Being a Subaru driver affords you a special bond with your other Sub drivers
This is to those professional women who have worked their way up and are proud Subaru drivers. It is unfortunate that prior to you acquiring your Sub, you may have missed the memo.
Congratulations, as you will soon discover the Sub is no ordinary machine. When you drive one, you develop a relationship with it and Subs will rarely cheat on you, unless you have neglected to take them out on a date to the mechanic for too long.
By the way forget the Subaru haters, after all we are a society of haters. When you are up everyone wants to pull you down.
So fear not, for you have made the decision to get a Subaru. That is the most important and significant decision you have made in your motoring life.
But there are a few home truths that you need to know. Firstly, there are a number of Subaru enthusiasts groups that you can join on and offline. They are not chamas and trust me as long as you have a Sub, the men will not flirt with you simply because you are a woman. They will respect you.
Such forums are good as they serve to initiate you into the Subarudom. Here you will learn a lot of things, best deals in spares and maintenance. Being a Subaru driver affords you a special bond with your other Sub drivers.
If you are on a Sub and you catch another Sub male driver stealing glances with the corner of his eyes, don’t just sneer stupidly. He could be admiring your car.
In addition, there are some norms with Sub drivers. As a woman you have benefitted from them but you may actually not be aware of the existences of such norms.
Norm One: Always give a Sub driver way if she/he wants to join the road. Unless you are cruising down the road in speeds that would interest the boys in Blue and green, always consider to give way to that Sub waiting to join the highway.
I know a number of women have been getting these privileges, but since they assume they are being given preference by men as an affirmative action, they have not recognised that they are actually eating into the Subaru culture.

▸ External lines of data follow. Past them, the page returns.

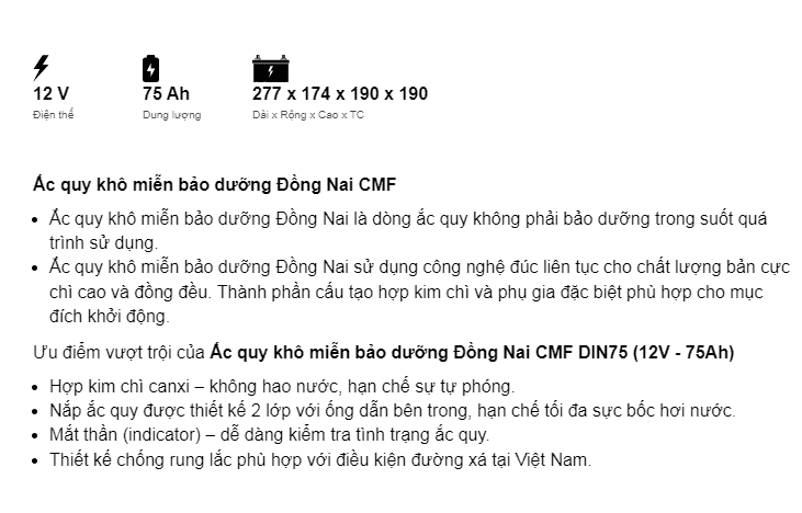Dòng CMF là ắc quy miễn bảo dưỡng (ắc quy khô, kín) của Đồng Nai đảm bảo về chất lượng cũng như giá thành sản phẩm. Ắc quy làm từ hợp kim chì canxi có bổ sung thiếc, bạc nhập khẩu từ Úc nên không hao nước, hạn chế sự tự phóng điện. Nắp bình được thiết kế 2 lớp với ống dẫn bên trong, giúp giảm tối đa sự bốc hơi nước. Trong bình trang bị bộ phận lọc chống bắt lửa – an toàn khi sử dụng và Indicator (mắt thần) – dễ dàng kiểm tra tình trạng ắc quy.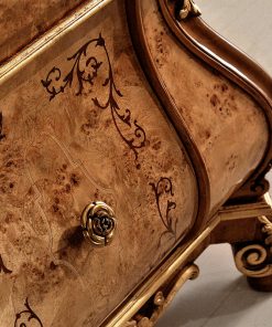 Письменный стол с девятью выдвижными ящиками. Декорирован инкрустацией и резьбой. Столешница обита кожей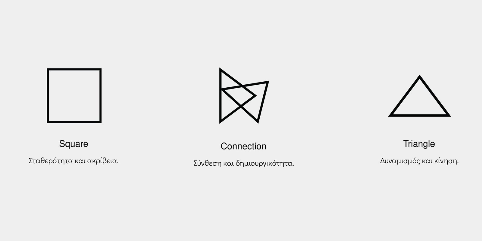 Το λογότυπο είναι μια σύνθεση γεωμετρικών σχημάτων – κυρίως τρίγωνα και τετράγωνο – τα οποία εναρμονίζονται σε ένα αφαιρετικό μοτίβο εμπνευσμένο από αρχιτεκτονικές φόρμες. Η σύνθεση παραπέμπει σε δομικές σχέσεις και κάτοψη, προσδίδοντας ισορροπία και αρχιτεκτονική αναφορά, χωρίς να είναι περιγραφική.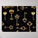 Seamless pattern of antique, gold and silhouette keys on black background.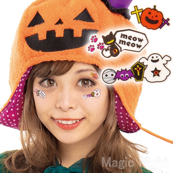 パンプキン、黒猫、おばけ等、ハロウィンキャラクター盛りだくさんの可愛いアイシャドウシールです。簡単シールメイクでハロウィンパーティを楽しんじゃおう♪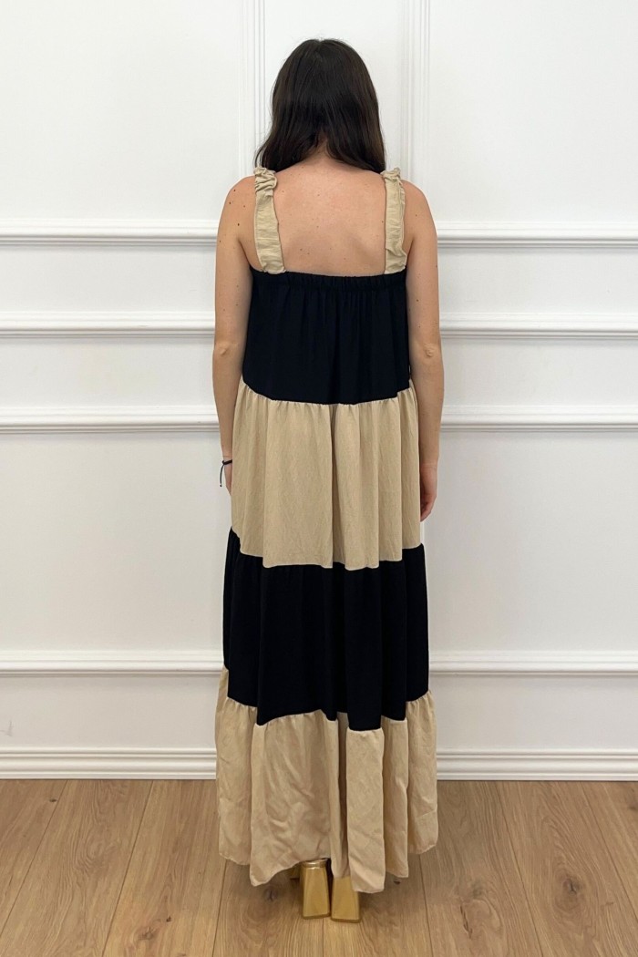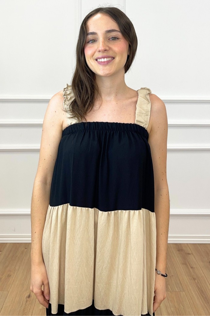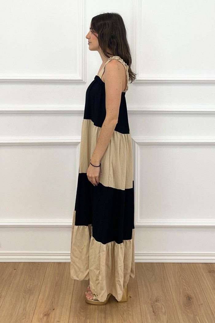 Vestido largo oversize con escote recto y tirante ancho con fruncido. Cuerpo en panales.

Norm Two: Regardless of whether you are surgeon or a fire-fighter rushing to save the world, you cannot annoyingly hoot at another Sub driver. This is a no-no go zone. As Sub drivers, we already have enough haters externally, why would you want to antagonize one another?
Norm Three: If a Sub driver looks your way, acknowledge the brotherhood with a slight nod. To be fair, here you are not obliged to indulge the other Sub driver on mindless tails of ogres.
You could be absorbed in your own world and, therefore, have no spare, time or energy for extended entreaties about your car or his car. But a nod, yes.
Norm Four: You do not put an ‘L’ sign on the big brothers in the Sub family. If you are starting out, the Impreza is the best place to start, and then you can gradually progress up the ladder. Putting that ugly red sign on a Forester, or the big Outbacks or Leggy is absolutely unjustifiable.
Norm Five: Always respect the other Sub driver, irrespective of the age of the car or model he or she is driving. Any Subbie is a good Subbie as it allows the driver to claim his place in the table of Subbie enthusiasts.
So if you are a female Sub driver, and you joined the club recently and you see that you have not been acting in line with the community of practice for Sub drivers, now you know.